Maîtriser le lobbying, gonfler le sentiment d'insécurité, profiter de soutiens de sociétés partenaires et de liens étroits avec l'évaluateur… une enquête fascinante révèle les dessous de la reconquête du .NET par Verisign.

 
Le dossier réalisé par le renommé journal américain Washington Post sur la stratégie développé de main de maître par Verisign pour garder le .NET se lit comme un roman policier. Fasciné, on y mesure au fil des phrases toute l'ampleur du système mis en place par le registre historique de l'extension pour éviter de la perdre.

Des morts sur la route du .NET ?

Pour commencer, on comprend mieux les conséquences de la décision de l'Icann de "jouer la sécurité" en gardant Verisign comme opérateur du .NET. L'ensemble de la communauté Internet américaine semble en effet s'être sentie trahie par la reconduction de Verisign. Sur les forums spécialisés, les réactions se sont faites virulentes. "Je préfèrerai confier le .NET à Microsoft avant de le redonner à Verisign," a ainsi écrit un Internaute. "Et ce n'est pas le genre de déclaration que je fais facilement. Si Verisign construisait des voitures, il y aurait déjà eu des morts !"

Alors comment expliquer, face à une telle hostilité et un processus de sélection en apparence pensé par l'Icann pour déposséder Verisign du .NET, que l'extension n'ait finalement pas changée de main ? Une des raisons est manifestement le sentiment d'insécurité qui continue d'être fort dans l'Amérique de l'après 11 septembre.
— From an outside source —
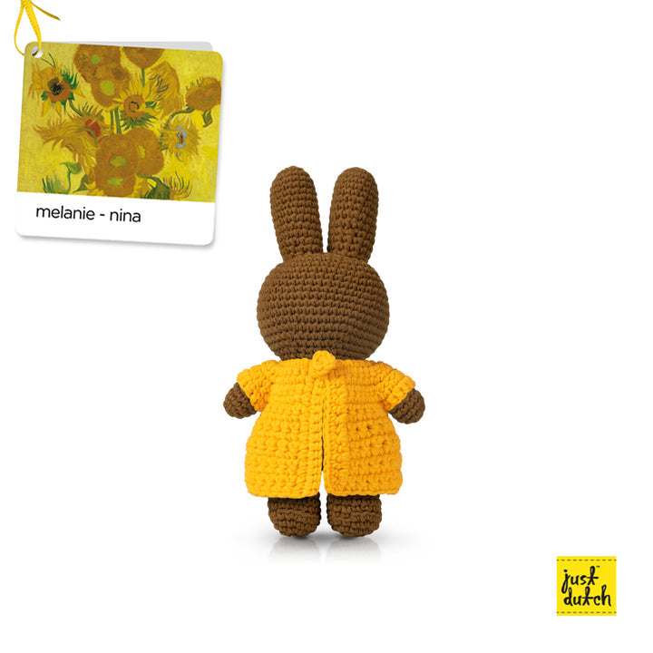 Just Dutch Melanie Handmade Crocheted Soft Toy. Enjoy Melanie in this beautiful yellow floral dress, inspired by Van Gogh'sSunflowers.

Le Washington Post nous apprend ainsi que Verisign a parfaitement su mobiliser la presse et les grandes sociétés avec lesquelles elle entretient de bonnes relations (Microsoft ou Sun par exemple) dans le cadre d'une grande campagne de lobbying destinée à profiter de ce sentiment d'insécurité. Le but était d'envoyer un message clair aux milieux politiques dont, finalement, l'Icann reçoit les ordres. "La sécurité de l'Internet dépend du .NET. Et la sécurité du .NET est parfaitement assurée par Verisign depuis que la société gère l'extension."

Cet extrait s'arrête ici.